For those of you in investment clubs, do you remember a frustrating moment when “everything” was on sale and you had no cash on hand to deploy? If we’re honest … most of us will admit that has been the case on too many occasions.
This is an opportunity to tackle and destroy the MYTH that we should ALWAYS be fully invested in stocks and funds. My interpretation is that George Nicholson never suggested this — and certainly not for experienced investors.

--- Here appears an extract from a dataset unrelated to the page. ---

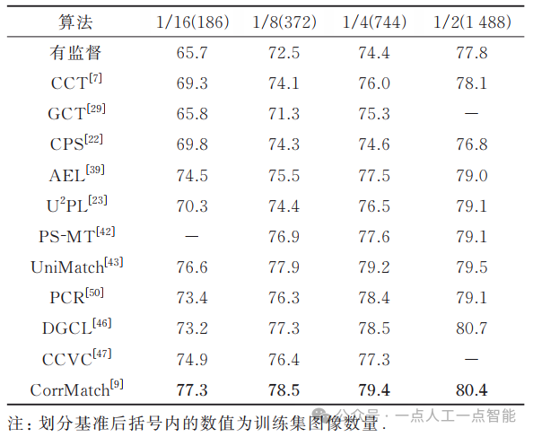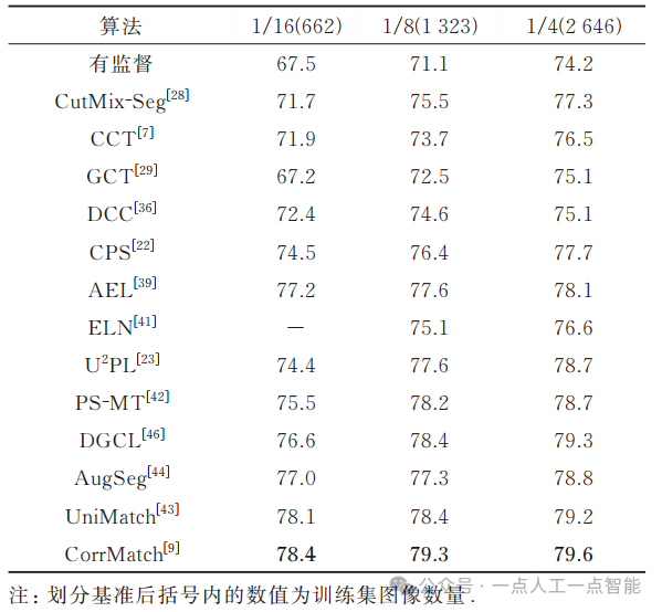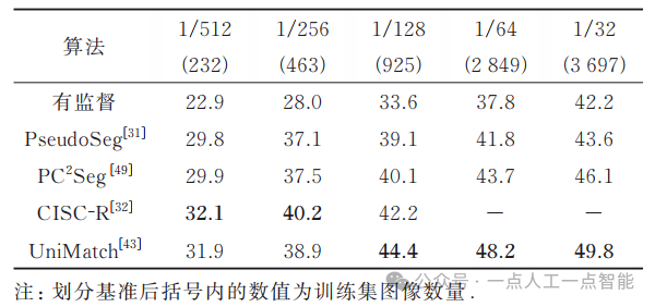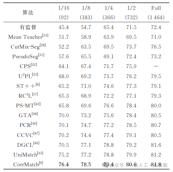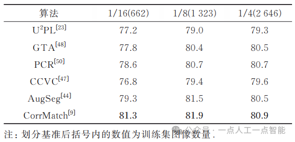 Intersection-over-Union, mIoU)作为评价指标。在模型验证时,对于PASCAL VOC 2012数据集,使用原始图像进行验证;对于Cityscapes数据集,采用滑动窗口的方法进行验证。同时,如无特殊说明,所有的验证都是在单一尺度下进行的。3.2 PASCAL VOC 2012 (classic)在PASCAL VOC 2012 (classic)设定下,一些有代表性的最先进方法的mIoU性能比较, 如表3所示。由表3可知:①近年来半监督语义分割的性能获得了极大提升。②基于多网络架构的方法和基于多阶段架构的方法作为在UniMatch[43]和CorrMatch[9]前的主流方法,均取得了较好的性能。例如,相较于仅使用有监督的方法,基于多阶段架构的方法ST++[8]在不同的数据划分基准上分别取得了19.8%、16.3%、9.2%、5.8%以及6.7%的性能提升,基于多网络架构的PS-MT[42]方法也取得了20.4%、14.9%、11.2%、6.9%以及7.6%的性能提升。③基于单阶段端到端架构的方法使用简便的方法达到了最先进的性能,并且在数据量极少的场景下性能提升非常明显。在仅使用92张有标签数据的设定下,UniMatch相较于PCR,mIoU提升了5.1%;CorrMatch相较于UniMatch,mIoU又取得了1.2%的提升,达到了76.4%。表3 PASCAL VOC 2012 (classic) 设定下各方法的mIoU比较 (%)3.3 PASCAL VOC 2012 (blender)在2种PASCAL VOC 2012 (blender)设定下,一些有代表性的最先进方法的mIoU性能比较如表4和表5所示,表4和表5分别使用的是CPS[22]和U2PL[23]给出的划分方式。表4 PASCAL VOC 2012 (blender) 设定下使用CPS划分方式时各方法mIoU的比较(%)表5 PASCAL VOC 2012 (blender) 设定下使用U2PL划分方式时各方法mIoU的比较(%)①与classic设定下的趋势相同,在blender设定下,各类方法的性能也有了显著的提升。同时,与基于多网络架构的方法和基于多阶段架构的方法相比,基于单阶段端到端架构的方法也取得了最好的性能。②使用CPS划分方式时,相较于仅使用有监督的方法,CorrMatch[9]分别取得了10.9%、8.2%以及5.4%的性能提升。③由于U2PL划分尽可能包括了人工标注的高质量标签,在该划分方式下的方法性能显著高于在CPS随机划分方式下的方法性能。④在U2PL划分场景下,当划分比例从1/8提升到1/4时,性能提升很小,甚至会出现下降的情况。造成这种现象的原因是:在划分比例为1/8时,几乎包含了所有精确标记的图像,当划分比例提升至1/4时,新添加的图像大部分都是粗略标记的,导致性能没有任何提升,有些不准确的粗略标注甚至会误导模型训练,从而使模型性能降低。因此,对于半监督语义分割,有标签数据的数量和质量都至关重要。表6给出了在Cityscapes数据集下,一些有代表性的最先进方法的mIoU性能比较。由表6可知:①基于多网络架构和基于多阶段架构的方法,相较于仅使用有监督的方式,性能都有一定的提升。例如,相较于仅使用有监督的方式,PS-MT[42]的mIoU在1/8、1/4以及1/2的设置下分别有4.4%、3.2%以及1.3%的增益;PCR[50]的mIoU在1/16的数据划分下,取得了7.7%的大幅提升。②UniMatch[43]和CorrMatch[9]等方法在单阶段的设置下具有更优秀的性能,mIoU在所有的设置下均高于上述2个方法。因此,单阶段端到端方法在性能上具有优越性,对半监督语义分割在未来的发展有指导作用。表6 Cityscapes数据集下各方法mIoU的比较 (%)表7给出了在MS COCO数据集下,一些代表性方法的mIoU性能比较。由于MS COCO数据集包含大量图像和81个类别,具有更大的挑战性,因此目前仅有较少的半监督语义分割方法选择在该数据集上进行性能验证。由表7可知:①所有方法在该数据集上取得的mIoU性能相较于在PASCAL VOC 2012数据集和Cityscapes数据集上的性能都明显较低。②相较于仅使用有监督的方法,半监督语义分割方法的性能有明显的提升。例如,相较于仅使用有监督的方式,PseudoSeg[31]方法的mIoU在划分比例为1/512、1/256、1/128、1/64以及1/32的情况下分别有6.9%、9.1%、5.5%、4.0%以及1.4%的增益。近期方法UniMatch[43]的mIoU,在划分比例为1/32的情况下,取得了7.6%的大幅提升。表7 MS COCO数据集下各方法mIoU的比较 (%)随着深度学习技术的发展,半监督语义分割在方法和性能上都得到了长足有效的发展。在半监督语义分割任务已经临近性能瓶颈的当下,有必要对其未来可能的研究方向进行探讨。为与其他方法进行公平比较,现有研究大多使用相同的基础模型结构,即使用ResNet101[11]作为骨干网络,Deeplabv3+[13]作为分割器。然而,最近提出的基于CNN的SegNext[58], 基于Transformer的SegFomer[59]、Maskformer[60]等网络在语义分割领域展现了出色的性能。因此,使用更先进的基础模型结构可能是进一步提高半监督语义分割任务基准的关键因素。此外,除了在现有网络上应用半监督学习策略,为半监督语义分割任务设计专门的网络结构,也是亟待探索的研究方向。单阶段端到端的方法相比于基于多网络和多阶段架构的方法降低了模型的训练成本,仅需一次训练就能完成整个训练过程,在性能上也有很大优势。然而,目前该类方法数量相对较少,开发并不充分,存在很大的发掘潜力。如何在单阶段端到端的框架下设计更有效的半监督策略,进而在训练过程中在线生成更精准的伪标签,是未来探索中值得重视的研究方向。对于半监督语义分割任务,有标签数据的数量和选取方式会对分类性能产生很大的影响。同时,在大多数情况下,采样得到的半监督语义分割数据集的类别分布并不均匀,例如在PSACL VOC 2012数据集中背景类在图像中占据大部分像素。在Cityscapes数据集中,复杂的场景也导致类别

We’ll explore more about asset allocation according to Nicholson going forward, but for now — think about the last time you procrastinated on selling a clearly-overvalued stock because all potential replacements seemed to be overvalued also. I know that I have been there and done that.Be willing to hold strategic cash (or cash equivalents, more on this to follow) while you prudently shop … for as long as it takes to buy and hold the next stock — for as long as it makes sense to do so.
I was also bolstered by Morningstar conference conversations with Jeremy Grantham (a renowned bubble historian) and Jack Bogle. I think it was MANIFEST subscriber Stephen Phillips who brought Mr. Grantham and his firm, GMO, to our attention on the MANIFEST Forum. From where I sat, Grantham stole the show in Chicago. Nutshell version: Buy high-quality stocks as this “flaky” rally surges ahead. (Jeremy refers to those lower financial strength companies, mentioned earlier, as “flakes.”)
We’ll be exploring the wisdom of a few “Grumpy Old Men” on the MANIFEST Forum in days ahead.
I think Rhinos do bounce. (A little) And RESET buttons happen, enabling our pursuit of flakes and blue chips … when conditions merit. Patiently seek the best fit.